Lest the would-be orchardist be discouraged by information above, allow me to introduce pawpaws (Asimina triloba) as an elegant solution to the problem of what kind of fruit tree can be grown organically and harvested reliably in Connecticut. Pawpaws are the largest fruit native to North America. Their ruggedness and versatility make them ideally suited to the backyard orchard or small-scale market grower. The fruit, which resembles a mango in shape, has a sweetness more often associated with produce native to the Southern Hemisphere.

Antoine Bootz

The pawpaw is the only temperate climate member of the Annonaceae family of tropical fruits that include cherimoya, soursop, and custard apple. They are found in the wild from New York west to Nebraska, and south to Florida and Texas. So, while not really a Connecticut native, they are a very near neighbor. In regard to hardiness, established trees can withstand true zone 5 winters of -20° F. 
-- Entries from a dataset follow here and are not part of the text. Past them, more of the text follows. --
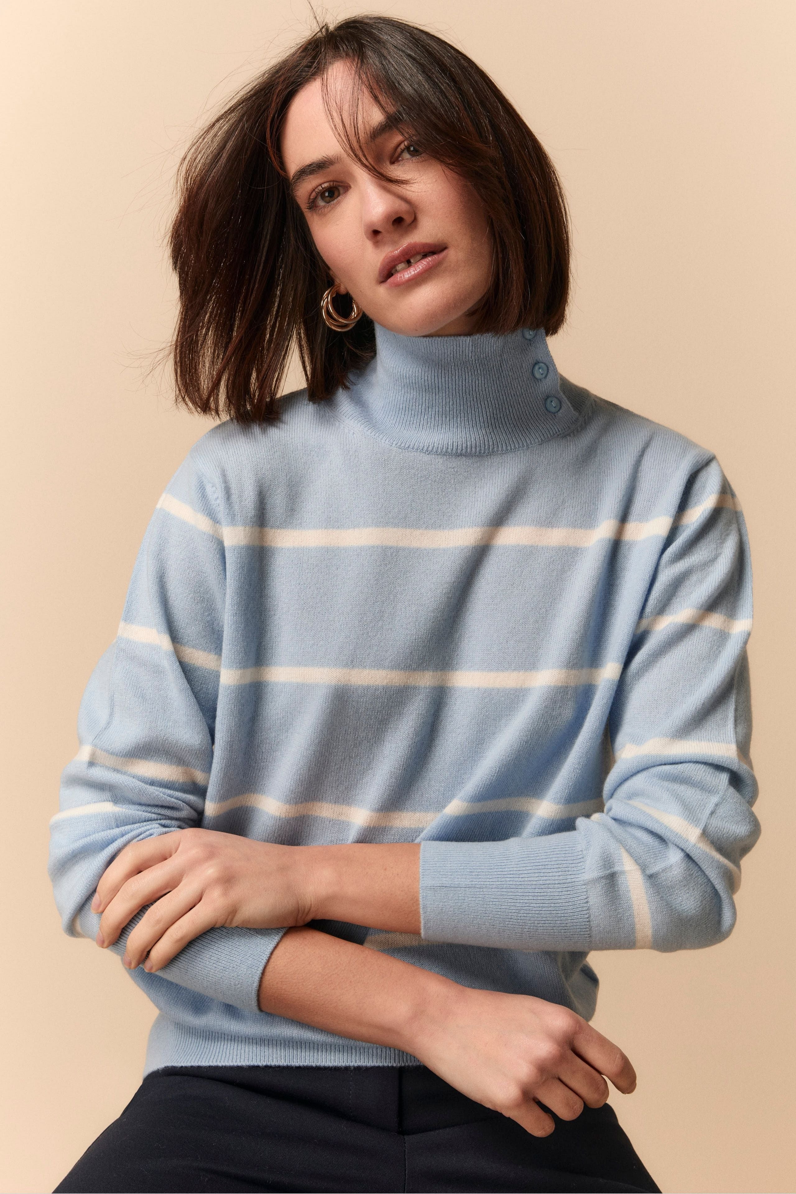 Patterned Turtleneck Sweater in Wool and Cashmere - Light blue stripe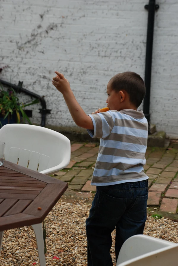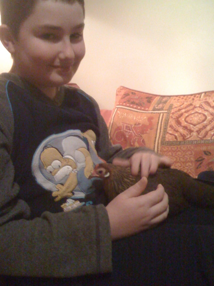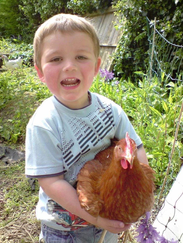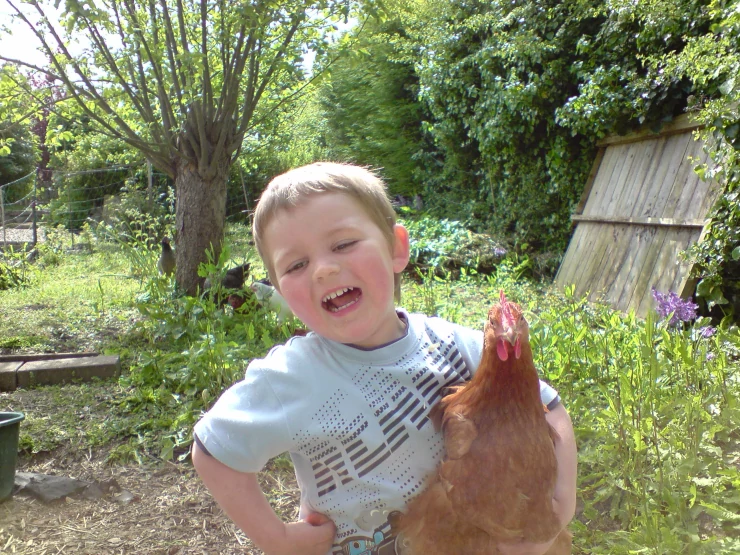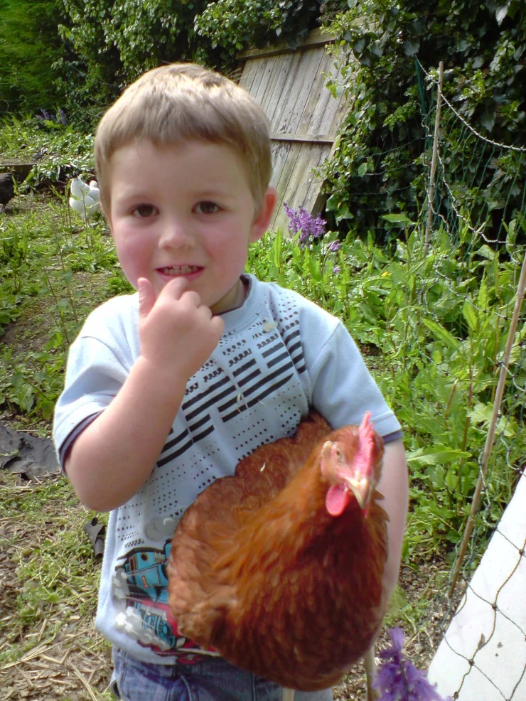 Beskrivelse: Min lillebror med en lille høne, choc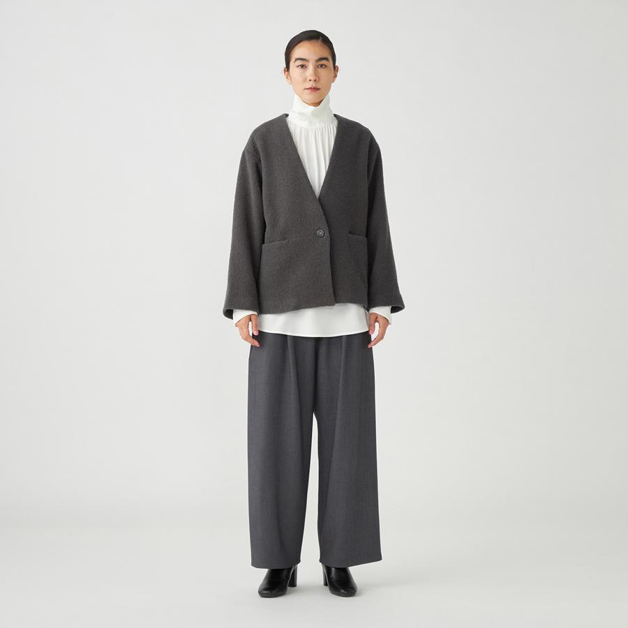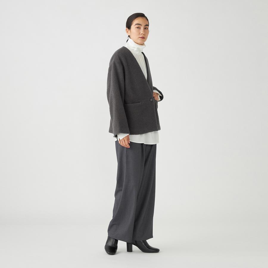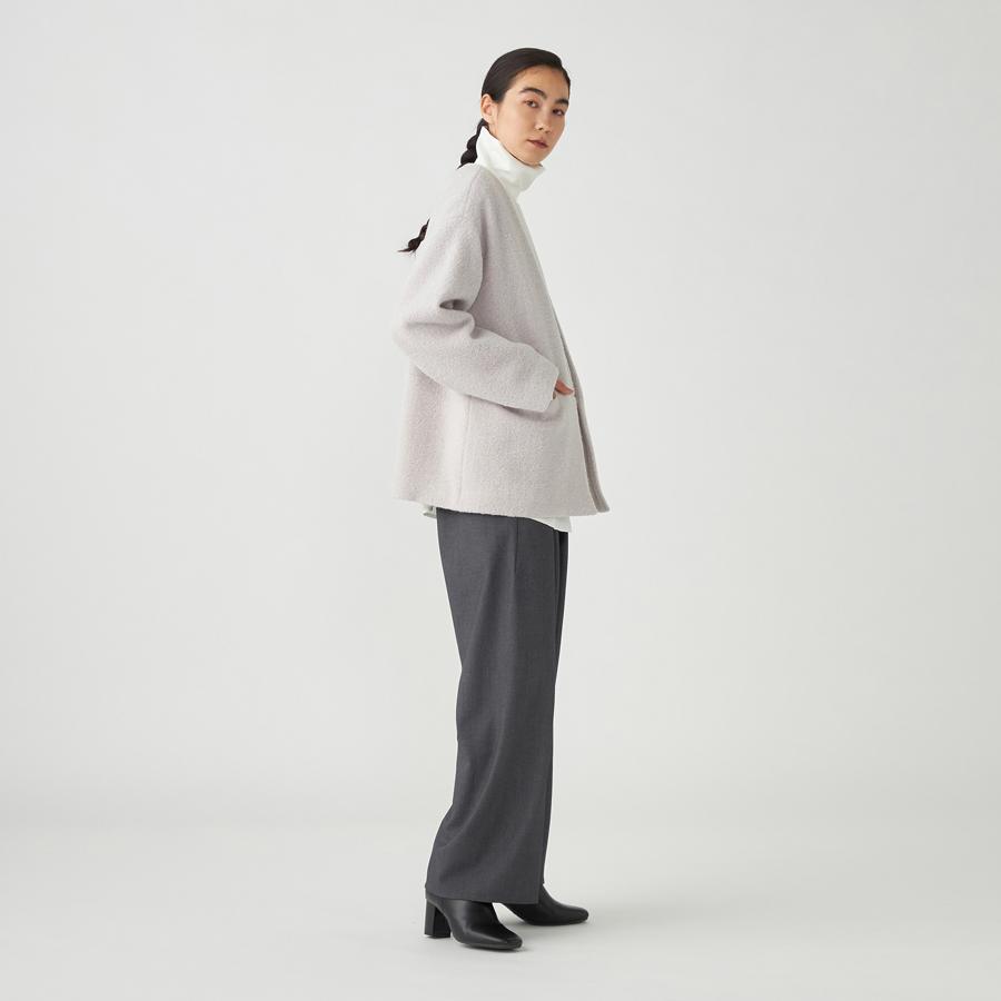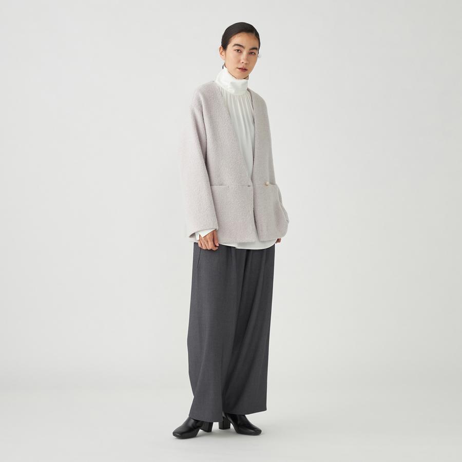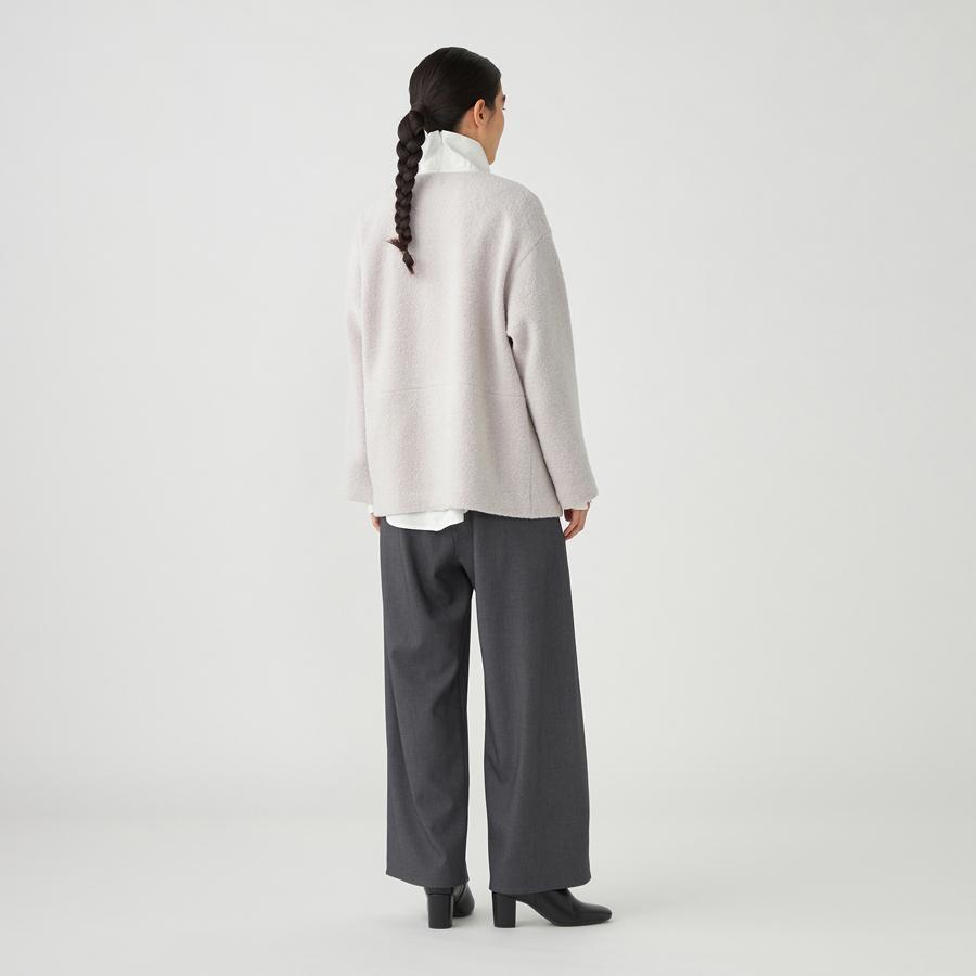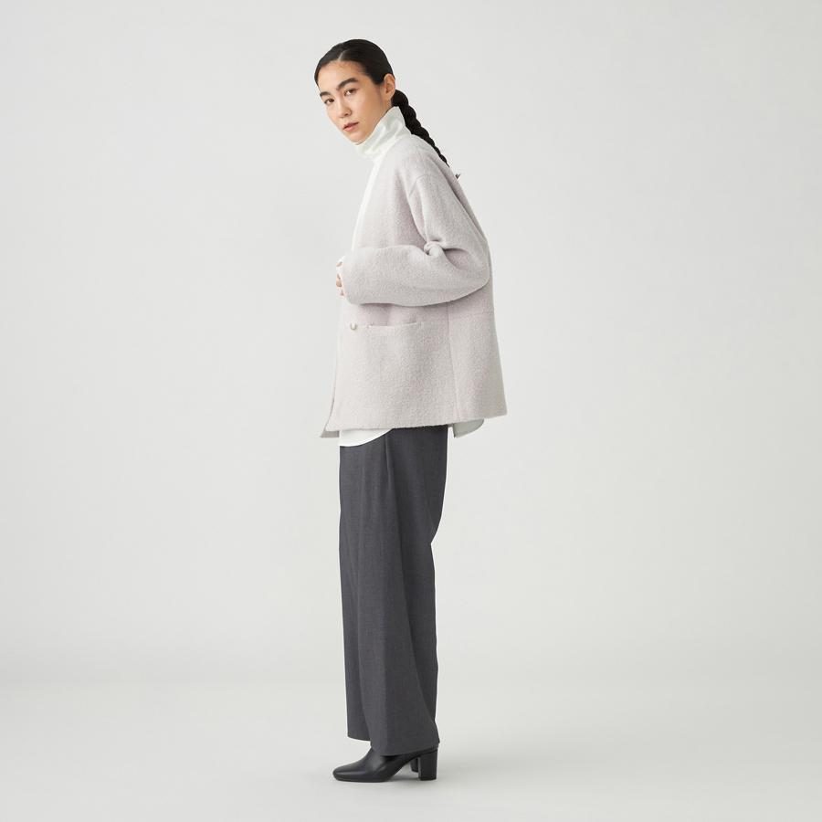 ポケットや釦ホールは目立たない様に仕立て、ループ状のテクスチャーが際立つ様にデザインされたアイテムです。

Insects and deer show a natural aversion to pawpaws, a result of the fatty compounds called acetogenins that are produced by the trees. The compounds are found in the leaves and twigs, and are what give crushed pawpaw leaves and bark their very strong and distinct peppery smell. Though, as any Connecticut gardener knows, our deer have voracious appetites and eclectic palates. Despite the acrid taste of pawpaw leaves, I have on occasion had deer browse young trees. This, combined with the risk of deer trampling small trees, has taught me to protect vulnerable young pawpaws with chicken wire cages for the first few years. 

Like many fruit trees, pawpaws take some time to reach fruit-bearing age, generally about six to eight years old. Even before they begin to produce fruit, pawpaws provide interest in the landscape with their long, slender, teardrop-shaped leaves. 

Pawpaws flower in mid-May, and somewhat resemble downturned purple trillium blossoms. The petals are a beautiful shade of dark brownish purple. The unusual look of the flowers attracts an interesting gang of pollinators. Beetles and blow flies, insects associated with carrion, which the scent of pawpaw flowers mimic, are the principal ones. Don’t be put off with a vision of swarms of flies attracted to the fetid odor of flowering pawpaws. The scent is very slight and not at all disagreeable, or even discernable. 

The fruit is mango-shaped and greenish-brown when ripe. Individual fruits can weigh between four ounces and one pound, and the flesh is soft and juicy. The skin always retains a slight astringency even when ripe, so this must be avoided along with the large kidney-shaped seeds. The season is late September to mid-October in Connecticut. 

In my experience, the flavor varies greatly between different trees, with some rather bland, and others cloying. But the best pawpaws taste like banana custard with notes of pineapple and mango. 

Curious to try a pawpaw? As with many fruit trees, they take a few years after planting to begin producing fruit. However, these days, the fruit can usually be found at specialty natural food stores and farmers markets.